● What the exercise asks: The printed result should hold only the lines from the opening of the data through the line bearing "令和7年8月30日(土)日比", exactly as given and without pictures.

● Material to process:
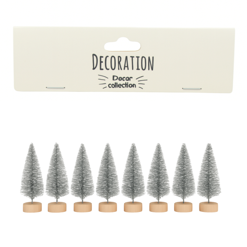 Completează decorul tău de Crăciun cu acest set elegant de brazi ornamentali argintii. Fiecare brăduț este acoperit cu sclipici strălucitor, oferind un efect festiv rafinat. Setul conține 8 piese perfecte pentru decoruri de iarnă sau aranjamente de masă.
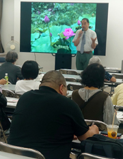 令和7年8月30日(土)日比谷公園内の「緑と水の市民カレッジ」において、「花はなぜ美しいのか~美しさと魅力の秘密をひも解く~」を開催しました。講師はマミフラワーデザインスクールの校長で、考花学者(花文化・美学研究)としてもご活躍の川崎景介さんです。
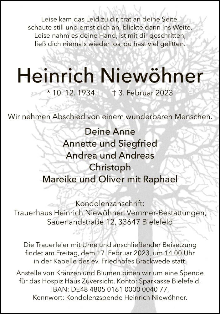 Hier finden Sie alle Traueranzeigen aus der Zeitung, die bisher für Heinrich Niewöhner erschienen sind. Weitere Traueranzeigen, die in der Zeitung erscheinen, werden hier ebenfalls aufgelistet
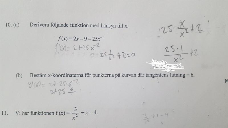 a) är du klar med på rad 1, men sedan börjar du sätta derivatan till 0 av någon anledning.
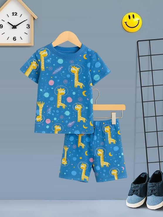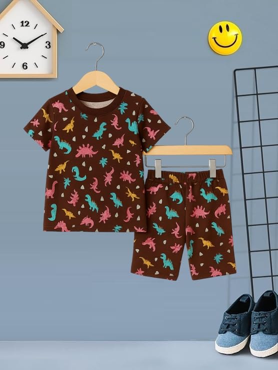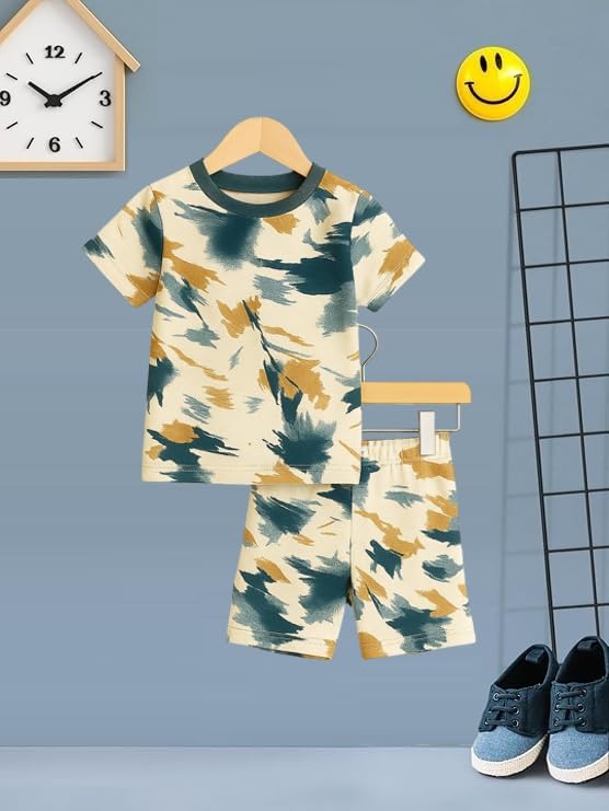 UZARUS Kids Boys’ Printed T-Shirt and Shorts Combo Set | Comfortable Summer Wear | Daily Casual Outfit |
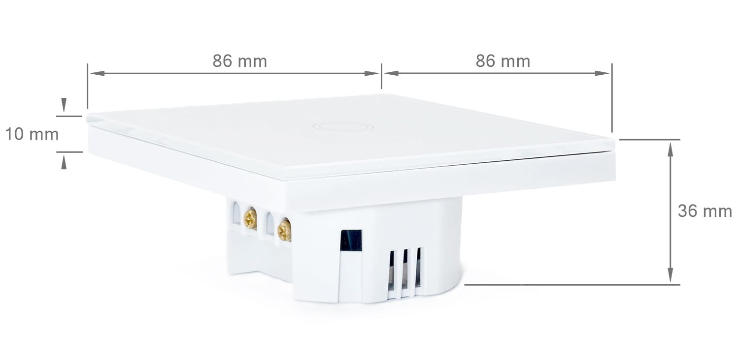Întrerupătorul de perete Bianka se remarcă prin dimensiunile sale compacte de 86 mm x 86 mm, ceea ce îl face discret și, în același timp, elegant. Construcția sa subțire asigură o instalare estetică pe perete, fără elemente proeminente. Instalarea este rapidă și simplă. Produsul nu iese prea mult în evidență.
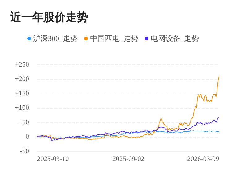 03月09日,中国西电(601179)股价继续上涨。截至今日收盘,中国西电上涨4.51%,收盘价为20.17元,盘中股价最高触及20.61元,股价创历史新高。
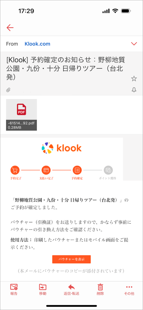 決済後すぐにメールでeチケット(バウチャー)が送られてきます。
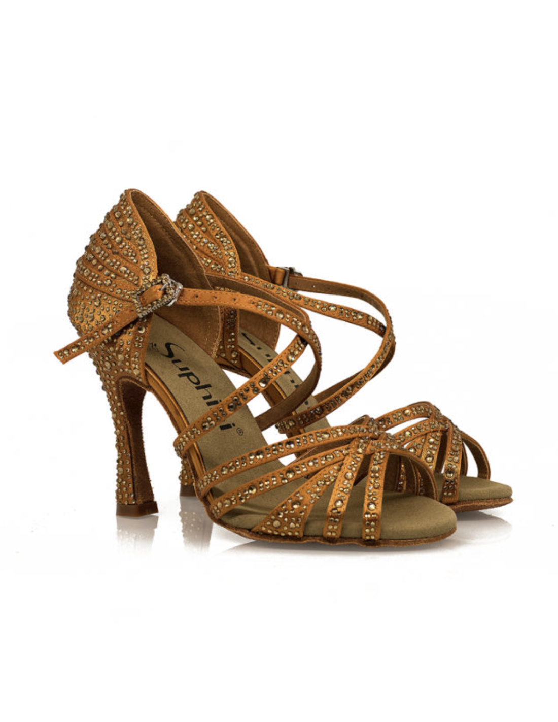 Chaussures de danse Suphini Kira cognac strass 10cm
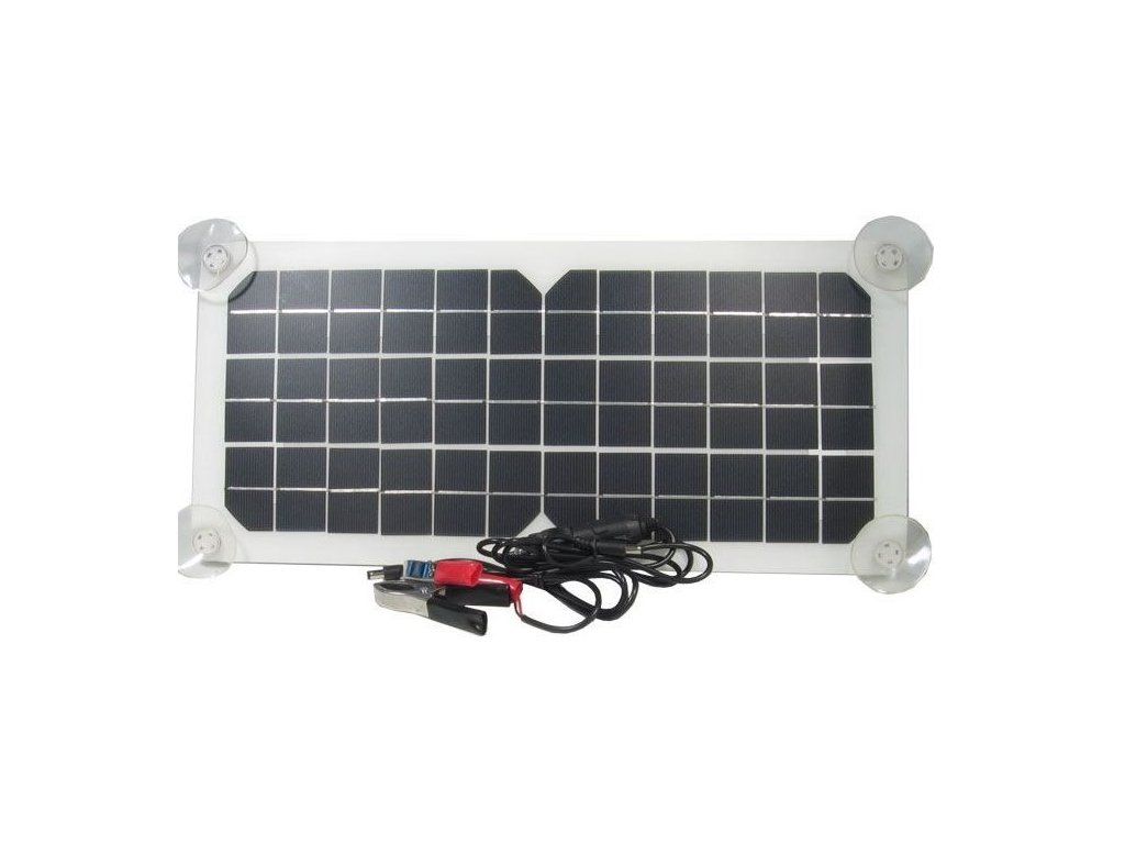 Flexibilný monokryštalický panel s výstupom 12V a USB na nabíjanie batérií, telefónov, powerbank a pod. Ideálne riešenie pre Vašu autobatériu v prípade dlhšej odstávky vozidla, kedy trvalo pripojené spotrebiče, ako je riadiaca jednotka, autorádio alebo diaľkové ovládanie dokážu vybiť štartovaciu batériu aj za týždeň. Priložený kábel zapojte do zásuvky 12V (nutné trvalé prepojenie s batériou, nie presklíček zapaľovania), panel umiestnite pomocou prísaviek za okno a Vašu batériu bude dodávaná potrebná energia pre kompenzáciu spotreby pripojených zariadení a samovybíjania. Panel je tiež možné využiť ako záložný zdroj na nabíjanie telefónov, powerbank a pod.
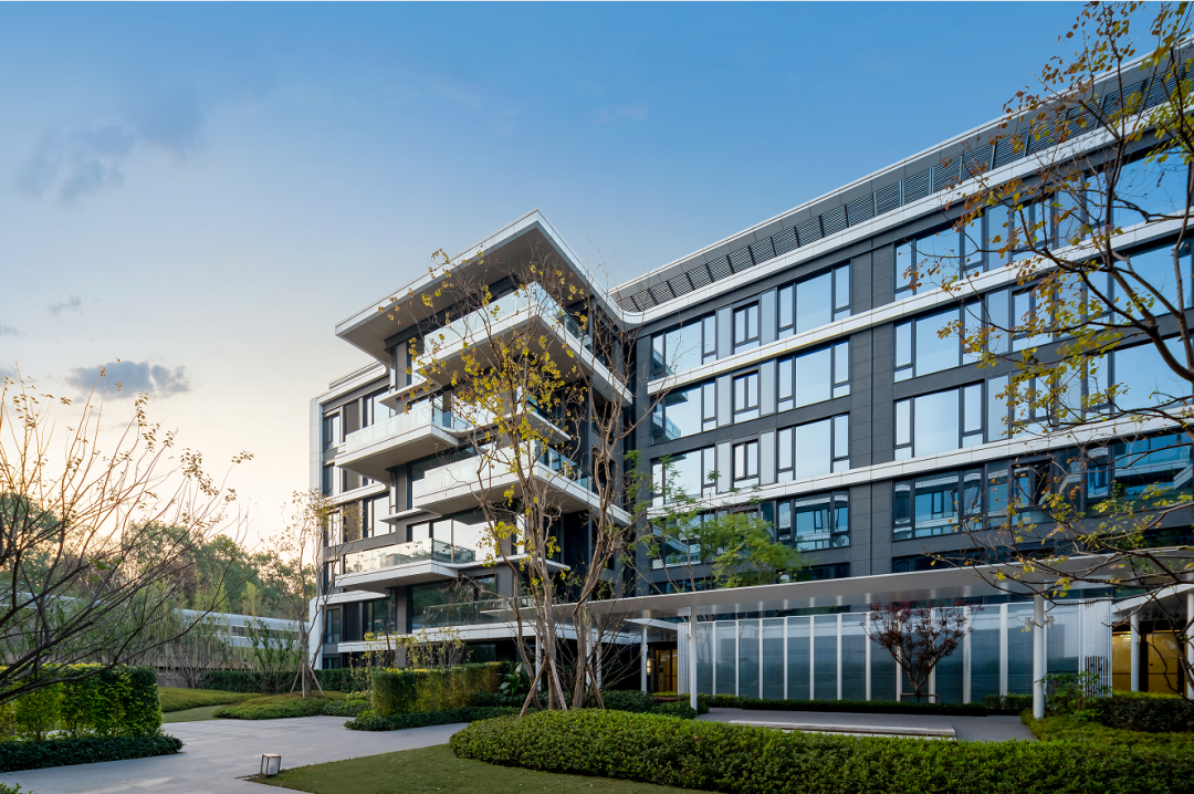层层错叠大挑檐格栅,阻隔上下视线,保证私密性的同时,又不阻碍风景的渗入,展现出显而不露的东方哲学,项目不惜成本,在建筑上增配大玻璃立面,极致窗墙比,让湖山风光无阻挡的进入室内空间,更展现出历久弥新的建筑质感。

● Your solution:
 Completează decorul tău de Crăciun cu acest set elegant de brazi ornamentali argintii. Fiecare brăduț este acoperit cu sclipici strălucitor, oferind un efect festiv rafinat. Setul conține 8 piese perfecte pentru decoruri de iarnă sau aranjamente de masă.
 令和7年8月30日(土)日比谷公園内の「緑と水の市民カレッジ」において、「花はなぜ美しいのか~美しさと魅力の秘密をひも解く~」を開催しました。講師はマミフラワーデザインスクールの校長で、考花学者(花文化・美学研究)としてもご活躍の川崎景介さんです。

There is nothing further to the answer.